The micro-macro paradox formulated by Mosely in 1987 suggests that while aid seems effective at the micro level, it is difficult or even impossible to identify positive impact on the macroeconomy. Micro-level impacts can be analyzed using rigorous analysis, but it is hard to establish causality in cross-country regressions for macro analysis. In the 80's many countries attempted to evaluate aid using analytical tools such as the internal rate of return (IRR), but as because aid is fungible, such methods do not capture the complexity of what is happening in the broader macroeconomy. This is why it is so difficult to measure macroeconomic impact. Additionally, micro successes must be scalable and sustainable in order to eventually lead to macro effects.
How do Banerjee and Duflo characterize the behavior of the poor as different from that of the non-poor? Where do the differences come from?
The poor need to decide on many issues that are taken for granted by people in more developed country contexts where services are many times pre-determined for people (water quality, food safety, personal security, securing savings, coping with health shocks). In addition, decisions often have to be taken with incomplete access to information, information that is at times incorrect, and with low capacity to make use of the information available, resulting in erroneous choices or simply not making a choice. Lives of poor can be improved by simplofying many of these decisions. Understanding how the poor live and how they decide is fundamental to program design. there may be low hanging fruits within the context the poor live in.
4. Define the world market price, the border price, and the domestic price. How do the country's exchange rate policy and trade policy affect the domestic price? Give the formula.
The world market price (p$) is the price in foreign currency (US$) for which a good or service is offered in the world market, the border price (pb) is the price which the good or service is offered in the border in local currency units (LCU), or ep$, where e represents the nominal exchange rate in LCU/$, and the domestic price (pd) is the price for which the good or service is offered in the domestic market, or pb (1 + t), where t represents the import tariff rate, the export tax rate, and/or domestic producer subsidy or tax rate.
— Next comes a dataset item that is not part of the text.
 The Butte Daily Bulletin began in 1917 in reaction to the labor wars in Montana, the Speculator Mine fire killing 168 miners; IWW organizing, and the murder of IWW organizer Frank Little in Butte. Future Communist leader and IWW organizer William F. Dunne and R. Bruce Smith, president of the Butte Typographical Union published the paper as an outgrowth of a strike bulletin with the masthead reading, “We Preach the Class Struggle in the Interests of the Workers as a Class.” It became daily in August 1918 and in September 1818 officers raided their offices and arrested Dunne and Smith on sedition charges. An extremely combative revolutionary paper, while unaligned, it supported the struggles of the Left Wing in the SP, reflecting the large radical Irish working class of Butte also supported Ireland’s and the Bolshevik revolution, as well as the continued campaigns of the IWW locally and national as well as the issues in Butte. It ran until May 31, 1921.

The country's exchange rate policy sets the nominal exchange rate e, and trade policy sets t. For example, if the exchange rate is 100LCU/$, and the country imposes an import tariff of 10%, then the domestic price of the import is given by pd = 100 p$ (1 + 0.1) = 110 p$.
***Why is the role of the state in development conceptualized in terms of market failures? What types of market failures may the state be called to address (give examples)? Is there a role for the state in addressing undesirable social outcomes?
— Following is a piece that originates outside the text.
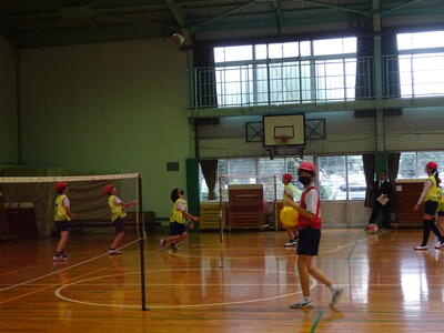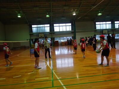 担任がサーブのコツを教え、コツを意識して打った子は上手にサーブを決めていました。

The state is needed in order to achieve a more efficient outcome, thus, using mechanisms that compensate for the loss in welfare that market failures generate. With the Present Trends, the market outcome is not socially desirable, so the state has a role to redistribute the outcomes. Also, the state can secure the political feasibility of policy reform. The main market failures are Public Goods (education, health, infrastructure, property rights) that will always be undersupplied; Externalities (learning, spillovers, environmental services) when there is a difference between private marginal cost and social marginal cost, or between private benefit or social benefit - in the case of a positive externality, the equilibrium Q of the good will be smaller than the social optimum, in the case of negative externalities it will the more Q than the social optimum; Economies of Scale, natural monopolies and imperfect competition, which are the cases when a single firm or a few of them, have very high market power with the ability to set the price; asymmetrical information (adverse selection, moral hazard) which occurs when one agent has more information than the other and uses it for its own advantage (think of insurance - you will drive less carefully when your car is fully insured); Coordination Failures (multiple equilibria, assurance game), think of the couple where one wants to go to the soccer game and the other to the ballet, there will be two equilibria; wealth constrained capital markets as an exclusion of the poor (access to credit or stocks); and high transaction costs (ill defined or incomplete property rights), also, think of intricate and corrupt legal systems, where enforcing your rights is very expensive.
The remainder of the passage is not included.